An Asymmetric Hygroscopic Structure for Moisture-Driven Hygro-Ionic Electricity Generation and Storage

The interactions between moisture and materials give rise to the possibility of moisture-driven energy generation (MEG). Current MEG materials and devices only establish this interaction during water sorption in specific configurations, and conversion is eventually ceased by saturated water uptake. This paper reports an asymmetric hygroscopic structure (AHS) that simultaneously achieves energy harvesting and storage from moisture absorption. The AHS is constructed by the asymmetric deposition of a hygroscopic ionic hydrogel over a layer of functionalized carbon. Water absorbed from the air creates wet-dry asymmetry across the AHS and hence an in-plane electric field. The asymmetry can be perpetually maintained even after saturated water absorption. The absorbed water triggers the spontaneous development of an electrical double layer (EDL) over the carbon surface, which is termed a hygro-ionic process, accounting for the capacitive properties of the AHS. A peak power density of 70 mu W cm(-3) was realized after geometry optimization.

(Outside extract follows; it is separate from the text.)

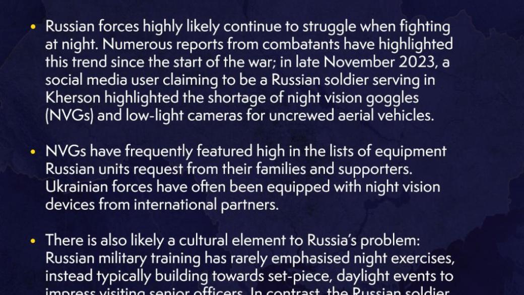 Кроме того, в разведке предположили, что российская военная подготовка редко уделяет внимание ночным учебам, проводя стандартные постановочные мероприятия для того, чтобы поразить старших офицеров. При этом российский солдат утверждал, что украинские силы "двигаются в основном ночью".

The AHS shows the ability to be recharged either by itself owing to a self-regeneration effect or via external electrical means, which allows it to serve as an energy storage device. In addition to insights into moisture-material interaction, AHSs further shows potential for electronics powering in assembled devices.

Automated summary

This paper reports an asymmetric hygroscopic structure (AHS) that achieves energy harvesting and storage from moisture absorption. The AHS exploits wet-dry asymmetry generated by water absorption to produce an in-plane electric field. The capacitive properties of AHS are attributed to the development of an electrical double layer (EDL) over the carbon surface through a hygro-ionic process. The AHS can be recharged either by self-regeneration or external electrical means, showing potential for electronics powering in assembled devices.